Almazán explains that the Tauro is a bovine that has been bred deliberately to resemble the extinct aurochs, which roamed Europe until the early 17th century. Another Dutch foundation, Stichting Taurus, has been instrumental in the breeding program, which began in 2009 by crossing different types of Europe’s hardiest known bovines (including three Spanish breeds, the Limia, the Sayaguesa and the Pajuna del sur). “The Tauro is an animal that reaches up to 1,000 kilos, is about 1.80 meters tall at the withers (where the neck begins) and has its horns always pointing upwards, as the aurochs had,” says Almazán. “It’s not a dangerous animal at all, but Tauro projects can only thrive in places devoid of humans, because a thousand-kilo critter is scary.”

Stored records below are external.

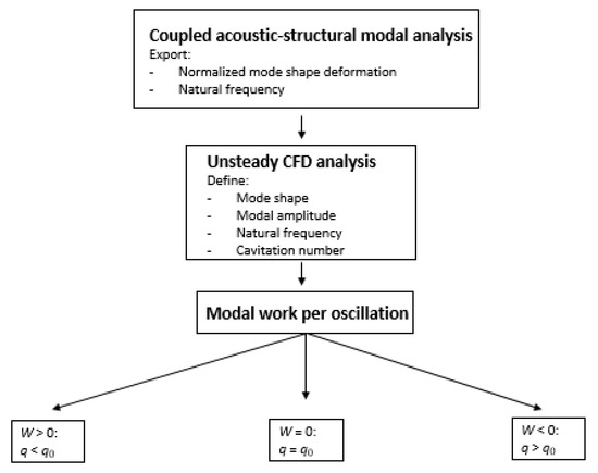 Subsequently, the hydrofoil surface periodic motion was defined in a CFD simulation based on , and with an initially assumed vibration modal amplitude, . The corresponding boundary conditions were a uniform velocity at the inlet and an average static pressure at the outlet. Finally, from the CFD simulations, the modal work, W, was computed. A flow chart of the methodology is shown in Figure 2.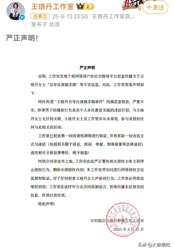 最近网上突然出现这件事情是她自导自演的流言,王珞丹工作室发声明否认,称这个男的举动属于骚扰行为,跟她以及她的团队无关。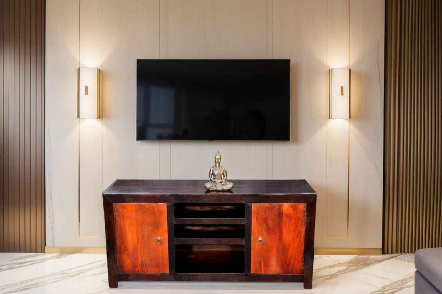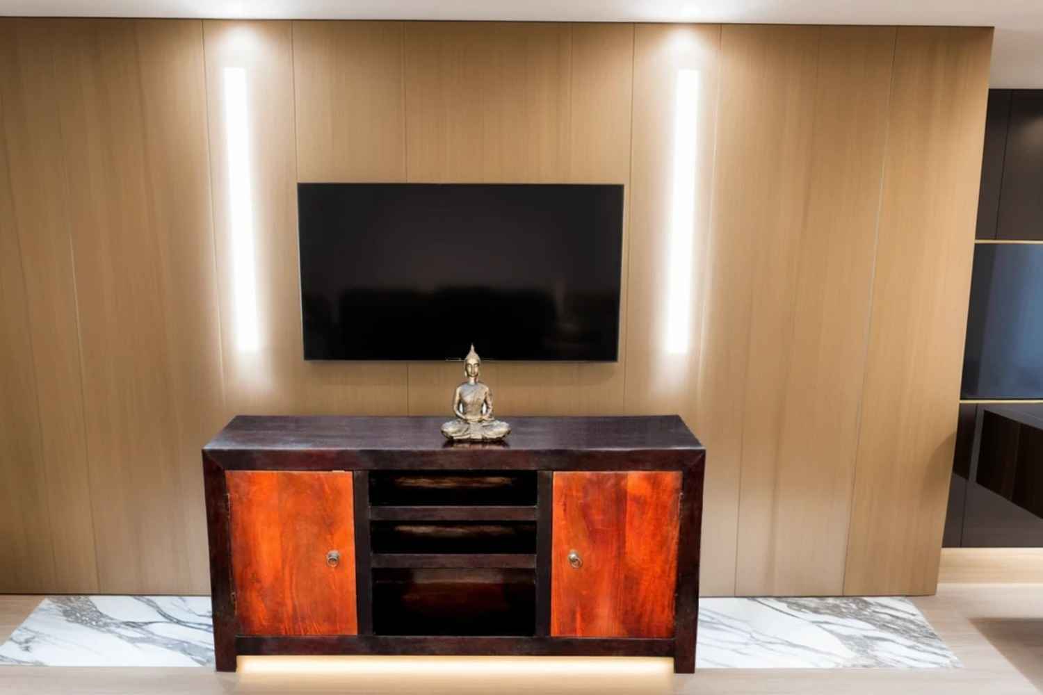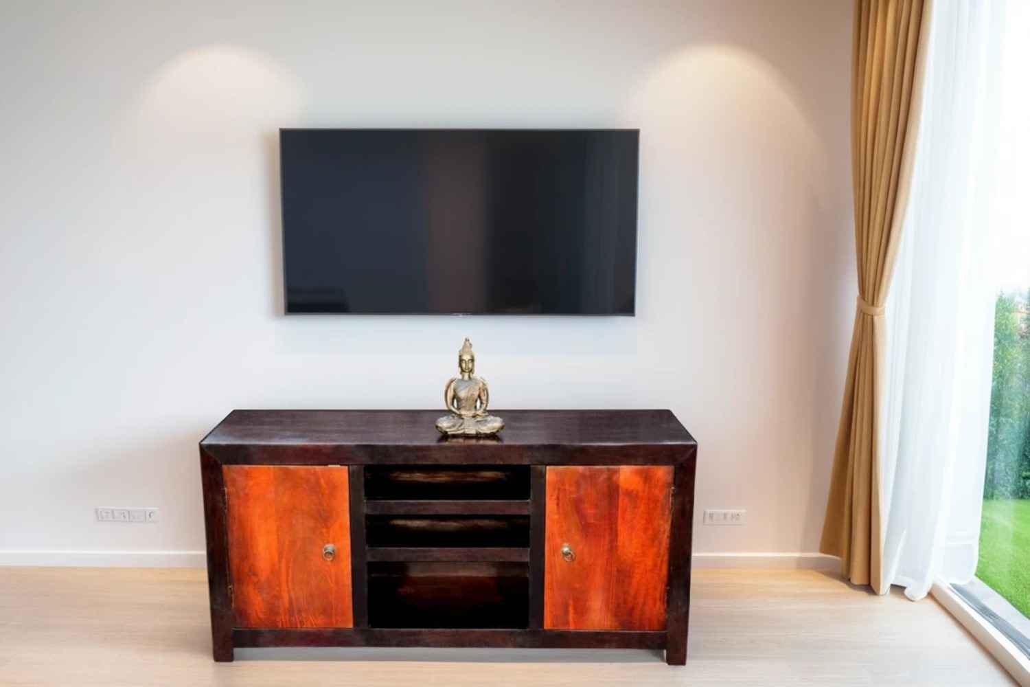 Recto three drawer tv unit is made by Sheesham (Rosewood) with teak finish. It is a television unit that contains three drawers and one blank section. We use Stainless steel accessories. It is a heavy and stable product. Sheesham wood furniture always count as a best quality product to buy.You can buy Solid wood furniture online from O my furniture.
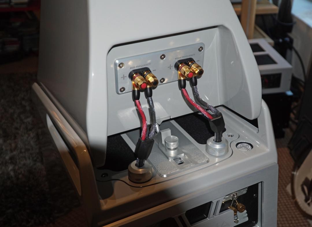 中高音箱体与低音箱体之间采用了全新设计的Alignment Block列阵阶梯系统,以达至更精细的“时域”准确性。在低音箱体顶部还设置了一个高准确性的气泡水平仪,令箱体的水平调校更加方便。低音箱体上方的两侧翼板,空气导流开口进一步加大,从而减少顶部的高中音和低音箱体之间不必要声波压力。两个箱体之间的线材连接,均采用Wilson Audio Spade叉型插头,跟Chronosonic XVX、Alexx V和Alexia V上的一致。另外,针对箱体外部连接线,Wilson Audio专门设计了线材夹,与V-Cable完美配合使用,并且无论中高音箱体如何调整,连接线都不会被拉扯,同时确保低音音箱拥有绝佳的密封性。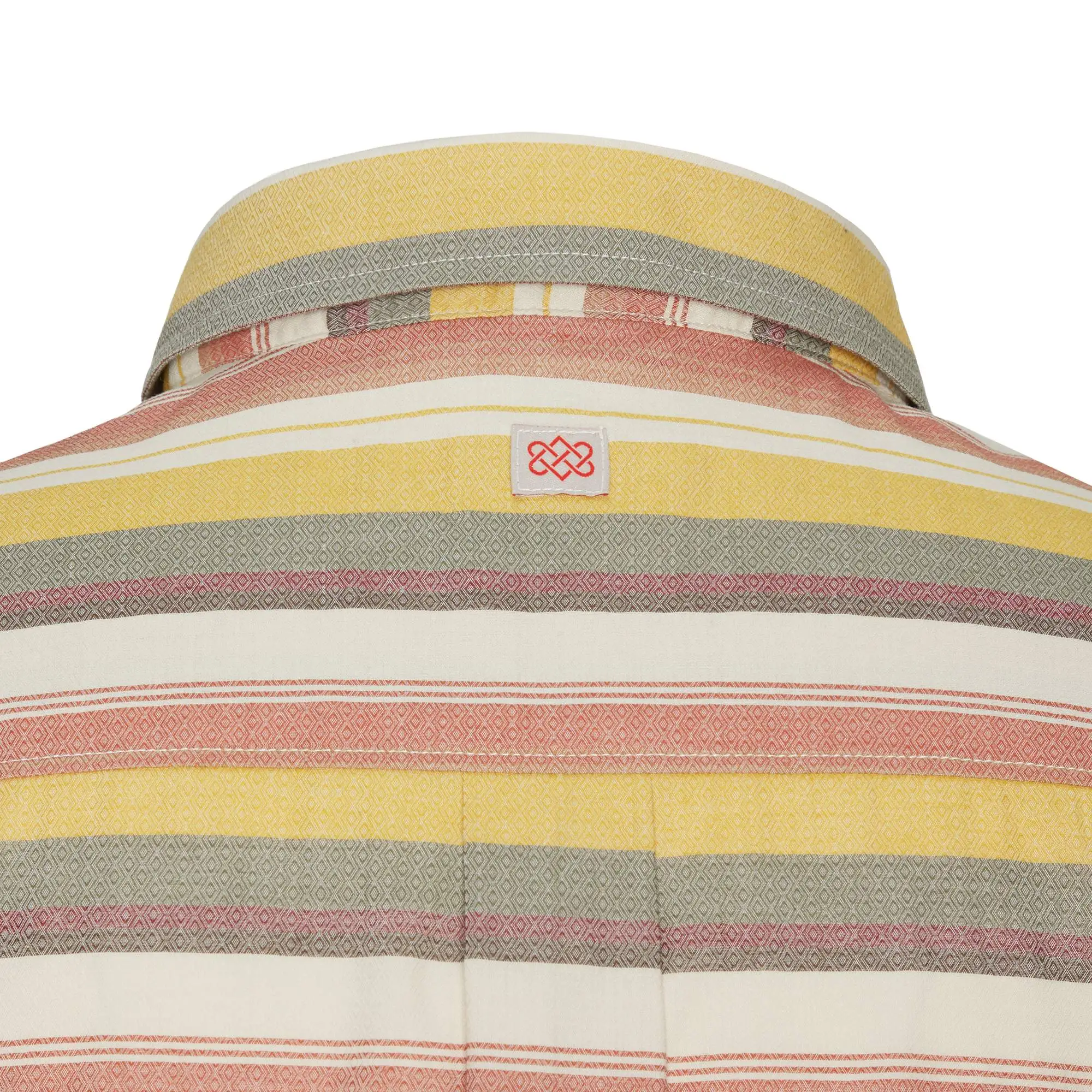 Auch ein näherer Blick auf das bunte Streifenmuster lohnt sich: Auf den Streifen selbst befindet sich nämlich wiederum ein hübsches, dezentes Rautenmuster, das zur zauberhaften Optik des Hemds beiträgt.
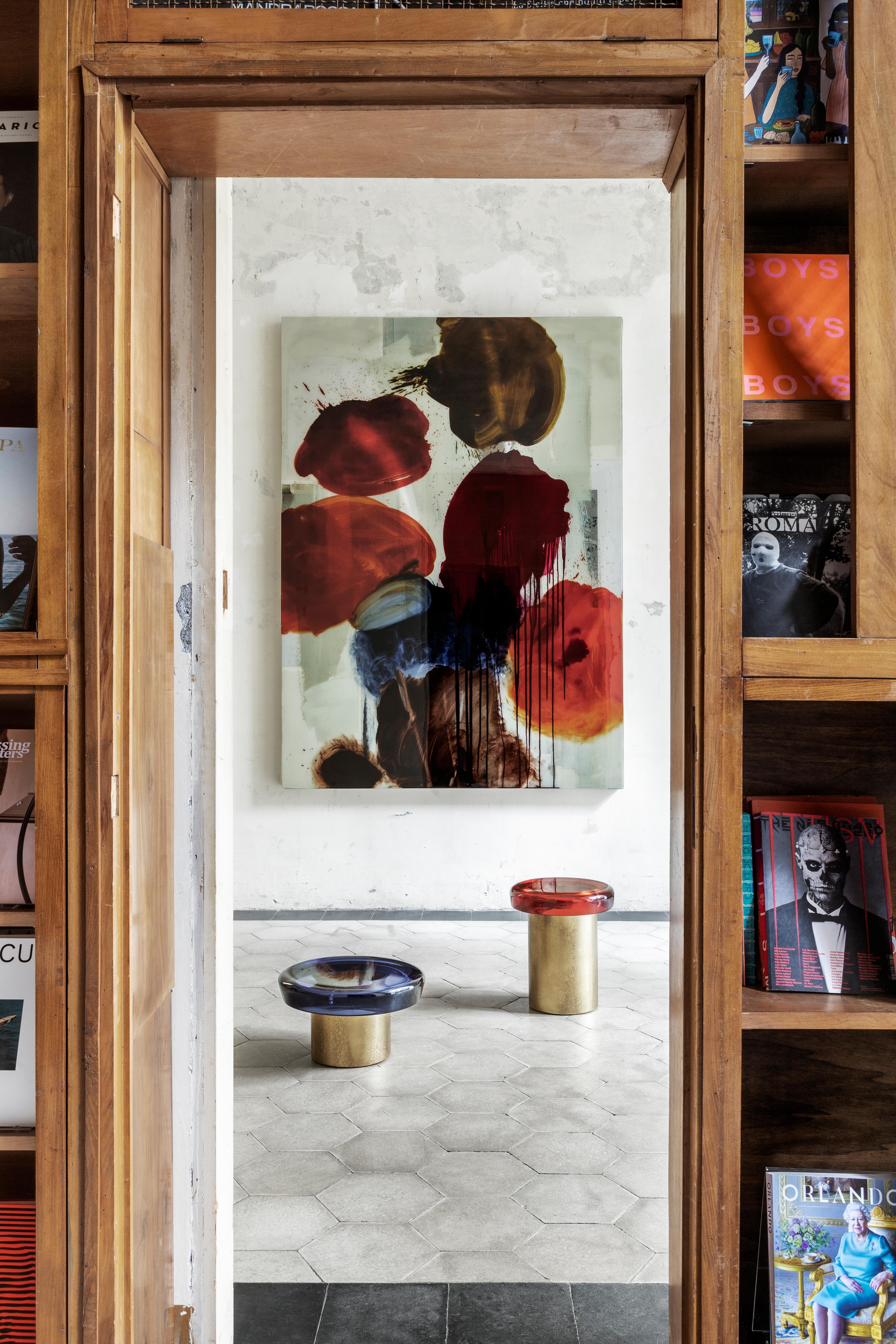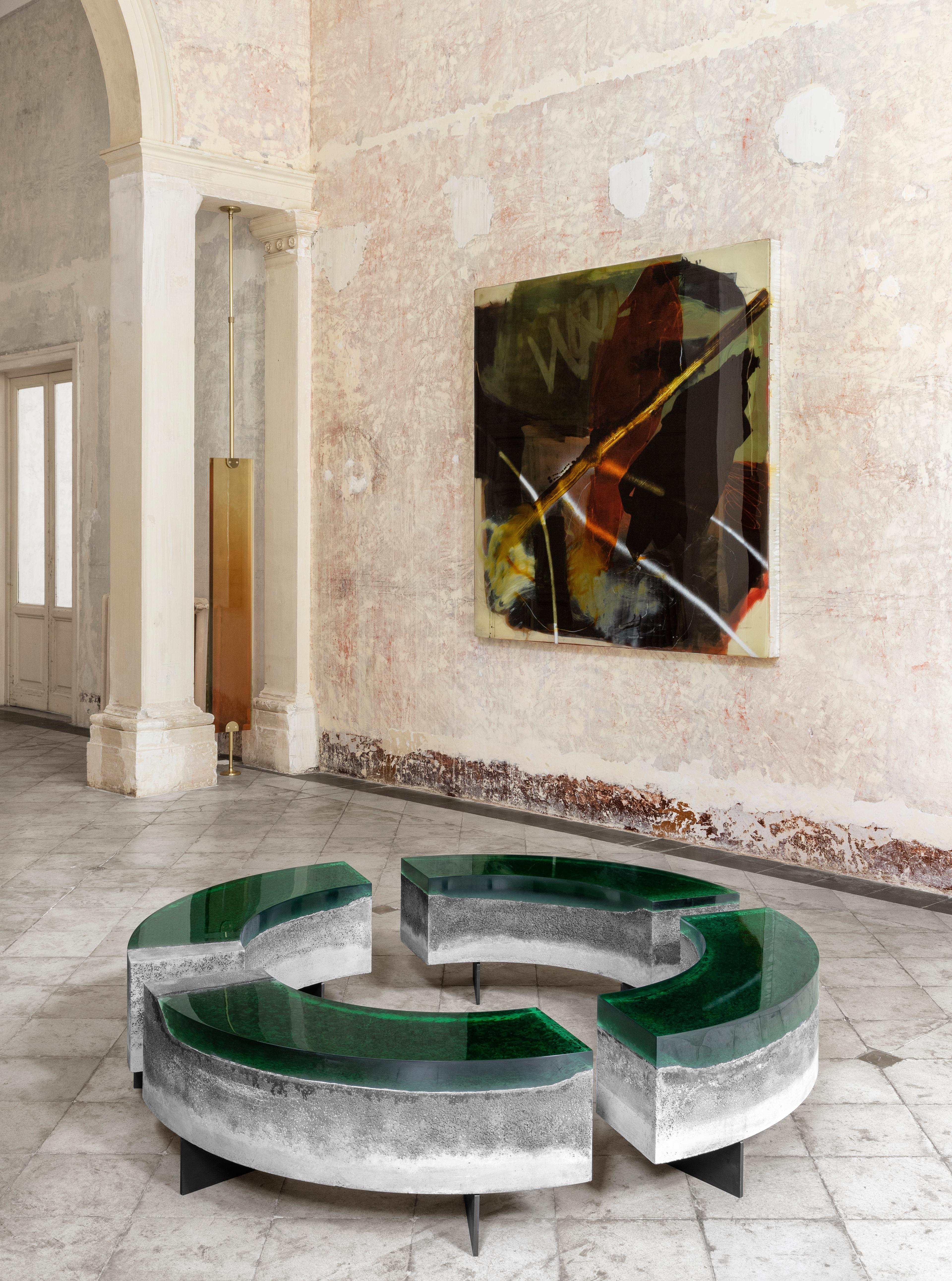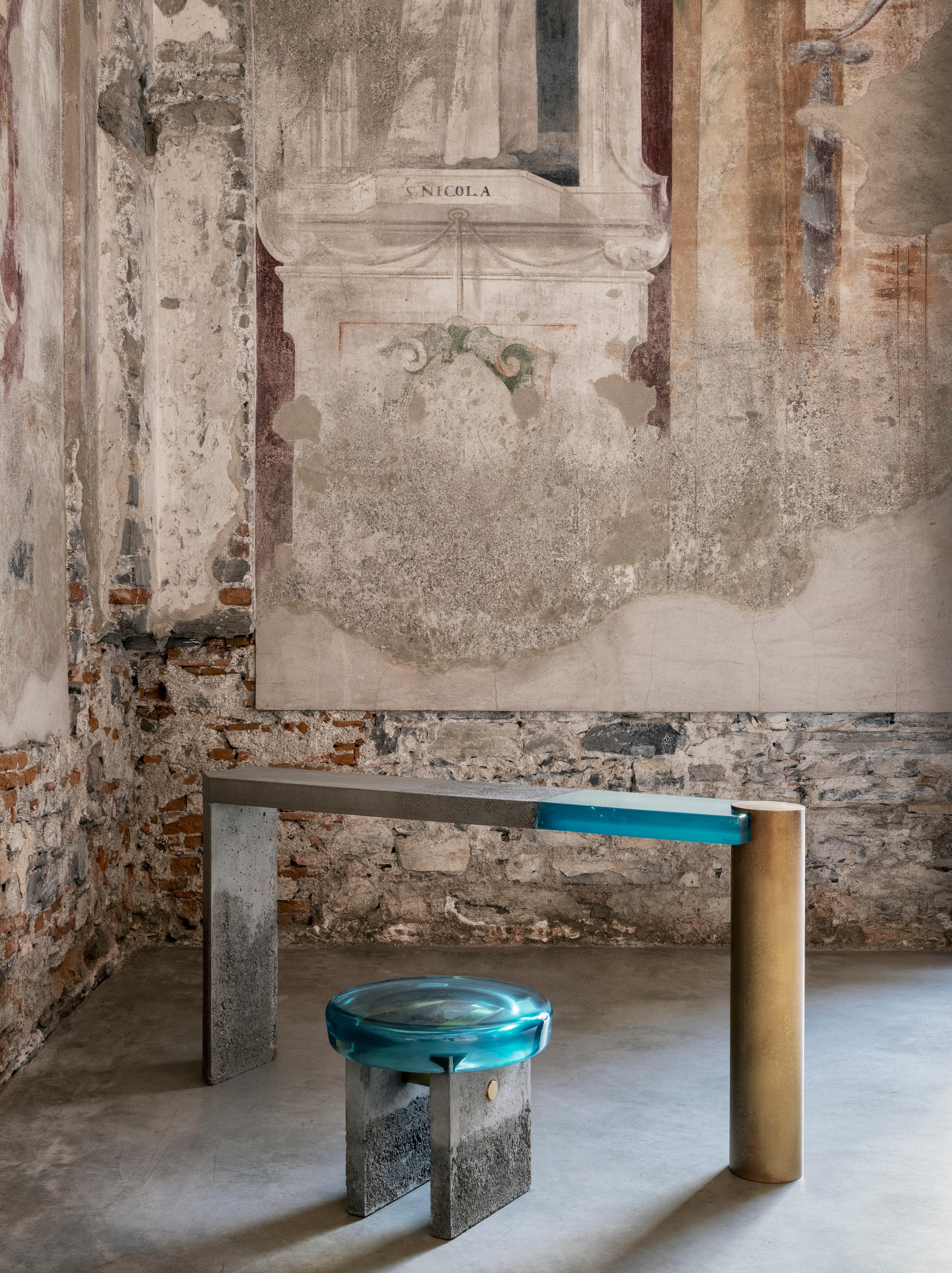 Siamo stati subito affascinati dalla resina, un materiale imprevedibile che ci offre una notevole libertà di espressione, sia in termini di colore che di forma. Nel corso del tempo, il nostro uso della resina si è evoluto: inizialmente veniva applicata come rivestimento superficiale, poi abbiamo iniziato a colarla in stampi per creare forme tridimensionali. Abbiamo sperimentato a lungo nel nostro laboratorio di Como per capire come "addomesticarla". Questo ci ha portato a esplorare la combinazione di resina e calcestruzzo, fondendo i due materiali così diversi in un unico stampo. Di recente, abbiamo approfondito la lavorazione della Lucite, una resina acrilica che richiede un approccio completamente diverso rispetto alla resina epossidica.

Last year, a group of scientists issued a warning about the risks of introducing European bison in parts of the Iberian peninsula, where it had never lived before. In the case of the Tauros, Almazán points out that “it cannot be said that it is an exotic species, since the Tauro is a bovine with current European cow genes, especially adapted to European ecosystems, and what is intended is the recovery of a key species that once lived here and that we eliminated.”
For the mayor of Frías de Albarracín, Benito Lacasa, “managing these animals is not difficult, but it is not easy either.” “Although we have a small population in these mountains, there are still people in these municipalities, there is farmland, sheep farming, wood harvesting and other activities, so the Tauros must be compatible with all these activities, it is not about using the space exclusively for these animals.” Lacasa explains that an area of about 500 hectares near the municipality has been fenced off so it does not interfere with other activities. “We have done this with two purposes: one is scientific, to see the changes that these animals produce in the landscape, in the pastures, in the insects; and the other is to see if there is any tourist interest to come and see these Tauros.”